Perhaps no single day of the 1862 Shenandoah Valley Campaign has intrigued campaign authors and biographers of its participants more than May 24, 1862, the day sandwiched between the battles of Front Royal and Winchester. Although the historians’ efforts have significantly clarified Major General Thomas J. Jackson’s movements beyond what he revealed in his official report, the story is still incomplete. Furthermore, the time frame for delivering dispatches and moving troops along and across the roads between Winchester, Strasburg, and Front Royal has yet to be fully appreciated. When all the materials dealing with this pivotal day are re-evaluated, they tell a story about this campaign never revealed before.

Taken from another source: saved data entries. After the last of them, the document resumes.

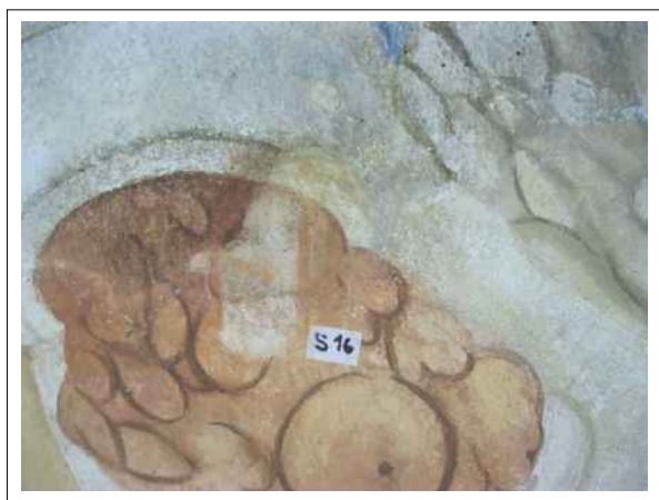
23. Stratigrafická sonda S16 vrstvou druhotné přemalby na úroveň originální nástěnné malby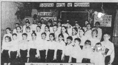
Сводный хор. Пос. Таежный.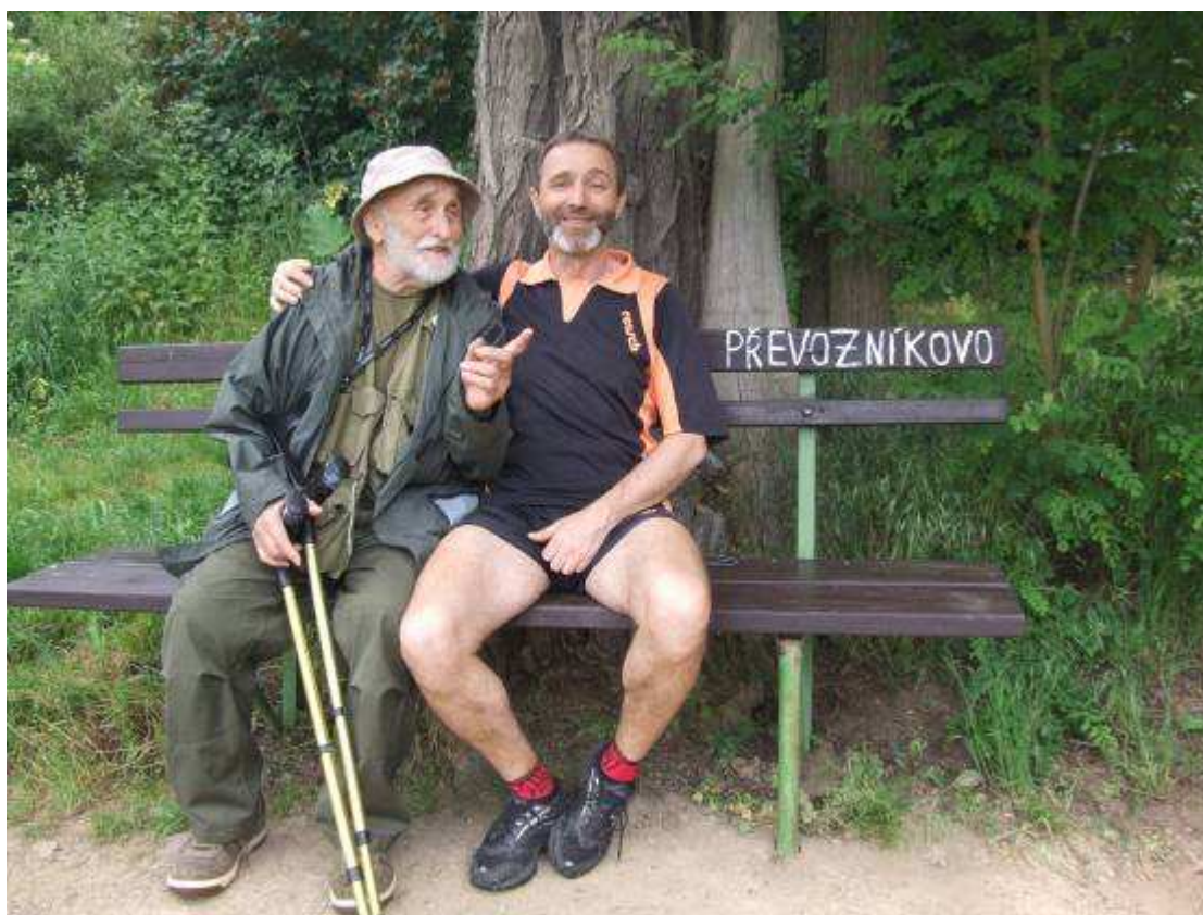
Převozník v roce 2008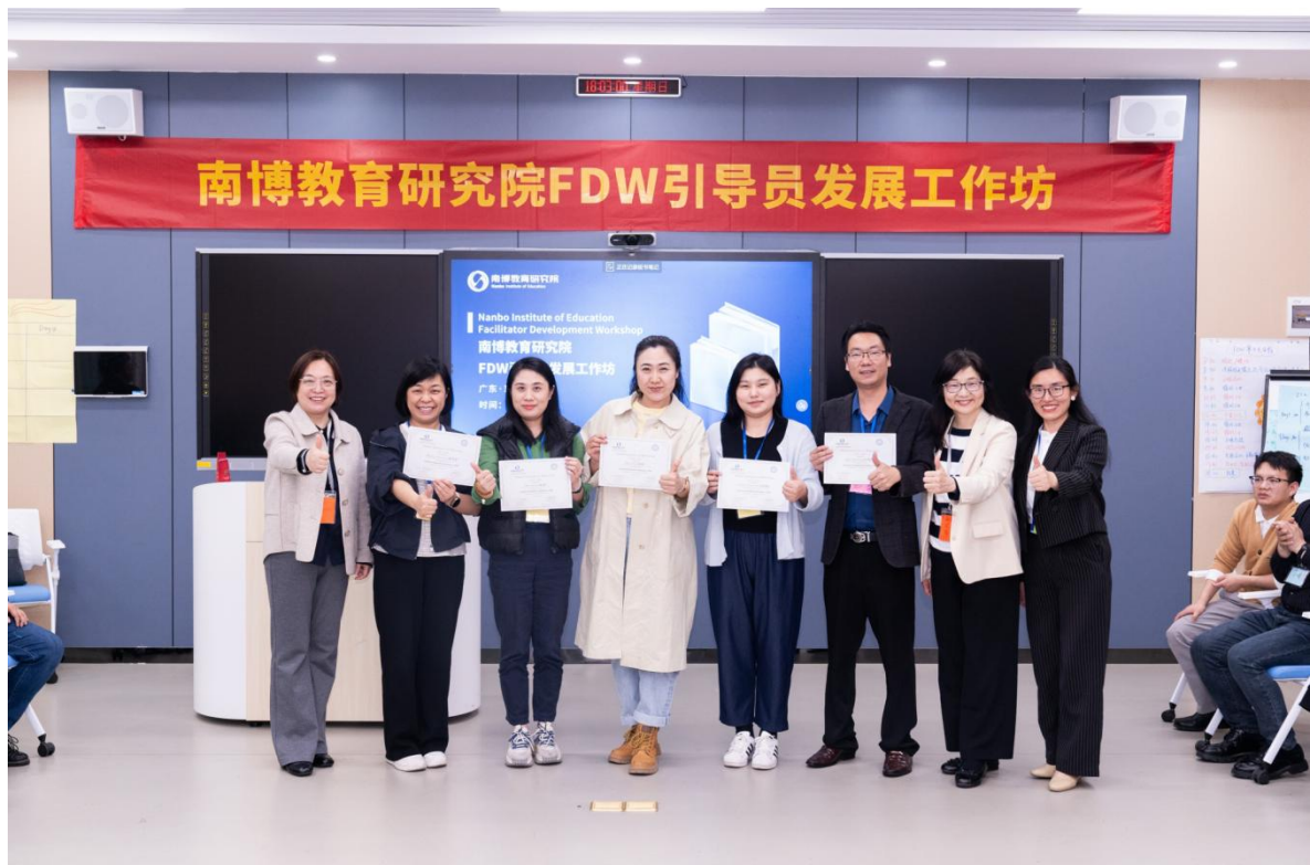
图 13：南博教育研究院 FDW 引导员发展工作坊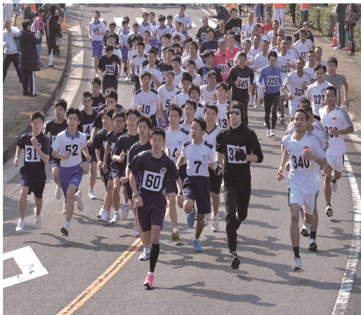
一斉にスタートを切る中学生・一般男子

Gary Ecelbarger will present an updated analysis of the events of May 24, 1862, to the Baltimore Civil War Round Table, based on a reevaluation of the primary sources that provide the framework for the decisions and actions of this pivotal day. Ecelbarger has researched and written about the 1862 Shenandoah Valley Campaign for 15 years. He is the author of three books and three   contributed works about the Civil War. His next book, a detailed history of the battles of Front Royal and Winchester, will be released by University of Oklahoma Press in the fall of 2007.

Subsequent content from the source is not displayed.